La Casa Sosegada
Javier Sicilia
La Jornada Semanal
Arturo Lona Reyes, conocido como «el obispo de los pobres», durante la celebración del cuarto aniversario de la Asamblea del Pueblo de San Dionisio del Mar, en enero de 2016.
Monseñor Lona
Con la muerte de Arturo Lona (1925-2020), se va también uno de los últimos representantes visibles de la teología de la liberación. Nos queda Raúl Vera, Gonzalo Ituarte y, en Morelos, el padre Baltazar López Bucio, quien fuera el brazo derecho de Sergio Méndez Arceo.
Pese a la distancias que siempre he tenido con esa teología (su excesivo sociologismo y su dependencia de categorías marxistas en el análisis de la realidad me dejan un hueco en el orden de la vida espiritual), hombres como Lona me han llenado siempre de alegría. A diferencia de otros que, bajo una extrema marxización del Evangelio, terminaron por entregarse a las causas de la izquierda y justificar sus atrocidades, con tal de mostrar que ya no venden opio, Lona se mantuvo en las veredas del Evangelio. Su “opción preferencial por los pobres”, no fue un argumento ideológico, sino humano y acorde con Cristo. Defendió a los excluidos no para tomar el poder, sino para restituirles la vida que el poder les arrancó. Así se hizo uno de ellos y con ellos buscó fortalecer el bien común mediante una verdadera economía moral, basada en las Comunidades Eclesiales de Base (grupos reunidos para leer la Biblia y otros textos espirituales a la luz de la realidad que viven), cooperativas y formas de producción autóctonas, como la Unión de Comunidades Indígenas de la Región del Istmo productoras de café orgánico, y las Comunidades Campesinas en Camino, productores de tamarindo, ajonjolí y chile pasilla. Formas de vida incluso contrarias a la lógica de las izquierdas que, al igual que sus enemigos, creen que el reino de la justicia se establecerá sobre la producción de bienes industriales. Más cerca de la primeras comunidades cristianas y de Gandhi, Lona hizo de su accionar un rescate de la fraternidad y del poder autónomo de los excluidos.
Una frase suya resume no sólo lo mejor de la teología de la liberación, sino de su propia comprensión del Evangelio: “Las Comunidades Eclesiales de Base no son un Movimiento de la Iglesia. Son la Iglesia en movimiento”, la Iglesia entendida no como el monolito jerárquico, madre y modelo del Estado Moderno, sino como “el pueblo de Dios”.

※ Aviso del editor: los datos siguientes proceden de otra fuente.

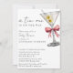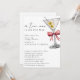 A Tini One Is On The Way Simple Minimal Pink Martini Baby Shower Invitation - A simple, minimalist, watercolor baby shower invitation for a baby girl. Featuring script calligraphy and sleek block font. A watercolor illustration of a dirty martini with two olives and a coquette pink bow adorns the upper right corner. Edit this baby shower invitation template with your own event details. All text is editable. Also available as an instant digital download, an eco-friendly way to send invites via text, email or social media.

Yo tuve la experiencia. En 2011, cuando a raíz del asesinato de mi hijo Juan Francisco y seis de sus amigos se fundó el Movimiento por la Paz con Justicia y Dignidad, esa Iglesia en movimiento estuvo con nosotros. Recuerdo que al llegar a la CDMX y dirigirnos al Zócalo, alguien me llamó al celular para decirme que los obispos habían externado su adhesión a nuestra lucha, que la Iglesia estaba con nosotros. Volví el rostro, vi al lado de las víctimas y de un país volcado a las calles, a Raúl Vera, a Gonzalo Ituarte, a Solalinde –antes de que se volviera amlista y justificara lo injustificable–, a muchos amigos cristianos y a muchas congregaciones religiosas. Respondí algo así: “¿Cuál Iglesia? Va aquí con nosotros desde que salimos de Cuernavaca.”
Días después, cuando emprendimos nuestra Caravana por la Paz al sur del país, Arturo Lona y sus comunidades nos aguardaban a la orilla de la carretera, cerca de Tehuantepec, para bendecirnos, darnos de comer y acompañarnos. El día anterior había cumplido cuarenta años como obispo.

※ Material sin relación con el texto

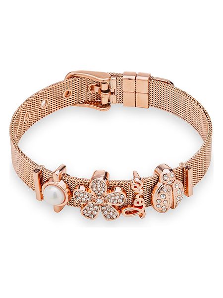 – materiał: stal szlachetna- powłoka: różowe złoto- zapięcie: sprzączka- rodzaj kamienia: kryształ- kolor kamienia: biały- element ozdobny: pismo, motyw zwierzęcy, kwiaty- regulacja długości: takWskazówka: Zdjęcie produktu w powiększeniu.

Al igual que los mejores teólogos de la liberación, Lona no tenía preferencias por cierto tipo de excluidos. Trabajó más cerca de los indígenas porque eran sus prójimos en Tehuantepec. Pero dio siempre la cara por todos aquellos que el poder aplasta, a riesgo incluso de su propia vida. Lona conocía el valor del Evangelio: el amor, un camino que carece de forma y que sólo se encuentra caminando con quienes el poder desfigura.

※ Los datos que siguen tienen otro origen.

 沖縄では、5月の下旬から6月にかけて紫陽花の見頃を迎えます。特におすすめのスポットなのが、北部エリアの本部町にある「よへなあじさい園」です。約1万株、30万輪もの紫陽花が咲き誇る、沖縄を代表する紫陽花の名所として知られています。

Además opino que hay que respetar los Acuerdos de San Andrés, detener la guerra, liberar a todos los presos políticos, hacer justicia a las víctimas de la violencia, juzgar a gobernadores y funcionarios criminales, esclarecer el asesinato de Samir Flores, la masacre de los Le Barón, detener los megaproyectos y devolverle la gobernabilidad a Morelos.